スローラーニングのススメ

私は20歳の時から5年間英語を勉強し続けていて、TOEICのスコアを490点→860点に上げました。

1年や2年で200点上げたという話はよく聞きますが、5年で370点上げたという話は聞いたことがありません。何故でしょうか?

色々理由はあると思います。1つは、5年間全くTOEICを受験しなかった私が珍しいということ。この5年間、毎年受けてたら、単純に70点ぐらいずつ上がってたかもしれません。でも5年間全く受験しなかったので、TOEICスコアの観点では5年というスパンでしか成果を見ることができないのです。

もう1つの理由は、他の人は5年もかけてだらだらと勉強しないということ。1年や2年で目標を決めて集中的に勉強する人が多いかと思います。

私は490点を取った時にTOEICには懲りたので、しばらくTOEIC受験は我慢することに決めました。受けると点数に一喜一憂しますからね。昔記事に書きましたが、趣味=英語というスタンスを貫きました。

心がけたことを一言で表すと、

入ってくる情報を全て英語にする
という方針。例えばニュース。私は日本語のニュースを一切見ません。ニュースと言えばポッドキャストでABCニュースを聞きます。あまり聞き取れてませんが、それでも聞きます。

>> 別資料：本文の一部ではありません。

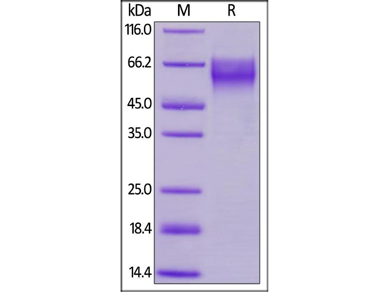 The purity of the protein is greater than 95 % as determined by SDS-PAGE and Coomassie blue staining.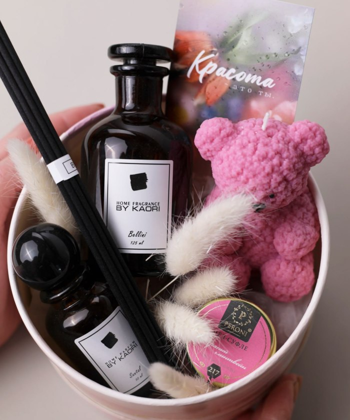 Парфюм для дома By Kaori 50 мл., Арома-диффузер By Kaori 100 мл., Свеча соевая Мишка, Мёд-суфле Peroni 30 мл., коробка подарочная, открытка, декор.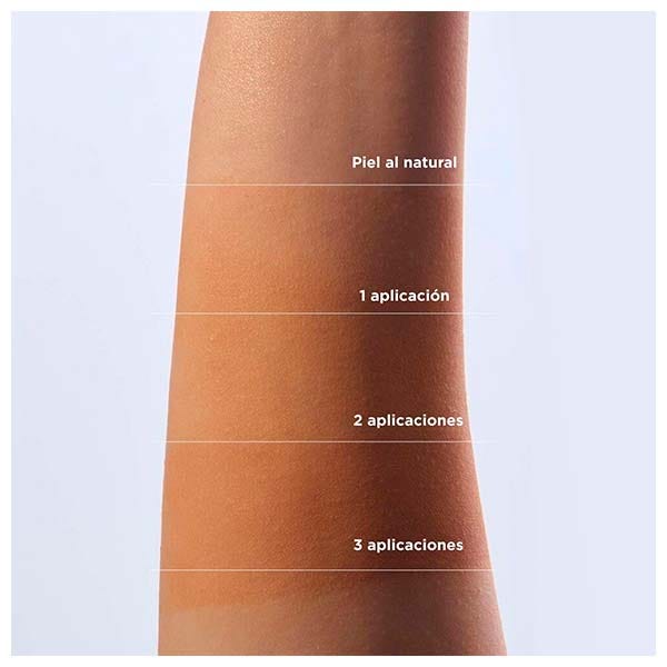 El bronceado aparece progresivamente tras la aplicación y puede modularse según la frecuencia de uso, permitiendo un resultado a medida y de aspecto muy natural.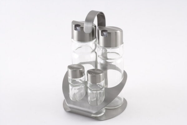 Čtyřdílná stolní dochucovací souprava. Vhodná pro domácnosti i gastronomická zařízení. Vyrobena z kvalitní nerezavějící oceli a skla. Výška stojanu 19 cm, výška nádobek na olej a ocet 16 cm, výška solničky a pepřenky 9 cm.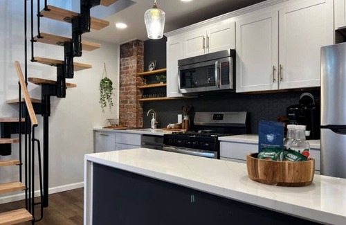 Welcome to our designer high-end space with an open concept living room and kitchen area. The industrial spiral staircase leads to an expansive loft bedroom with a workspace and en suite half bath for your convenience. Stay entertained with smart TVs and high-speed WiFi. The main floor offers a full bath with a large tiled shower, and we provide full-size toiletries and plush linens. Exposed brick and the art deco mantle add character. Natural light creates a warm atmosphere.

読書にしても、どうせなら英語の本を読むことにしました。Kindleの購入がこれをする気にさせてくれましたね。この方針を始めてから、日本語の書籍を読んだ数はガクッと減りました。

他、マイナーなことでは、ゲームを英語版にしたことです。ドラクエやFFは文字をいっぱい読むので勉強向きのゲームです。

このタイプの勉強は、効果が薄いです。出てくる英語のレベルが高すぎて、聞き流し、読み流しになってしまうからです。英語に慣れる効果はあるけど、語彙や表現を身につけることができるかと言うとそうでは無いと思います。そういうのは詰め込み式学習をしないと身に付きません。

でも、5年も続く勉強は、こういうゆるい勉強じゃないとムリです。ストイックな詰め込み学習は1年や2年で飽きます。

みなさんは5年もかかる勉強というのは、遅すぎると思うかもしれません。

でも実際はそんなことは無いと思っています。

5年もかけて勉強した私のスタイルは、のんびりし過ぎかもしれません。世の中には、出世のためにTOEICで730点以上取らないといけない、など即物的な理由で英語を勉強する人も多いと思います。彼らは5年もかかる勉強法なんてやってられないでしょう。
私はたまたま20歳から根気良く英語を勉強しているので25歳でTOEIC860点まで到達しましたが、25歳から始めたとしたら、5年かかって英語力が上がる頃には30歳になっています。

30歳は遅いでしょうか?

では25歳なら早いでしょうか?

私としては、25歳も30歳もたいして変わらないと思います。人生スパンで見れば。

25歳も30歳も、社会全体から見たら若いので英語を勉強するには充分早い年齢だと思います。

逆に、例えば今50歳の人は、5年もかかる勉強法では成果が出るのが遅すぎでしょうか。5年後は55歳です。

私は遅いとは思いません。

50歳という年齢は、すでに英語を学び始めるには遅すぎます。だったら55歳もたいして変わりません。50歳と55歳の何が違うでしょうか?

よーするに、長い人生から見たら、どの期間であれ、5年なんていうのは誤差なのです。むしろ5年で英語力が上がるなら、充分効率が良いと思います。

長過ぎて5年も待てないのは、大学受験生ぐらいなものです。彼らは1年で成果を出さなきゃいけないので大変です。3年も受験勉強に費やす高校生活はイヤだと思いますし、高3から5年かけて勉強するというのは、つまり四浪を意味します。

巷ではスピードラーニングなんていう教材が流行っていますが、そんないかがわしいものに手を出すより、そもそも5年ぐらいかかる、っていう超長期的な視野を持つことの方が大事です。普通の人が心がけるべきはスローラーニングですよ。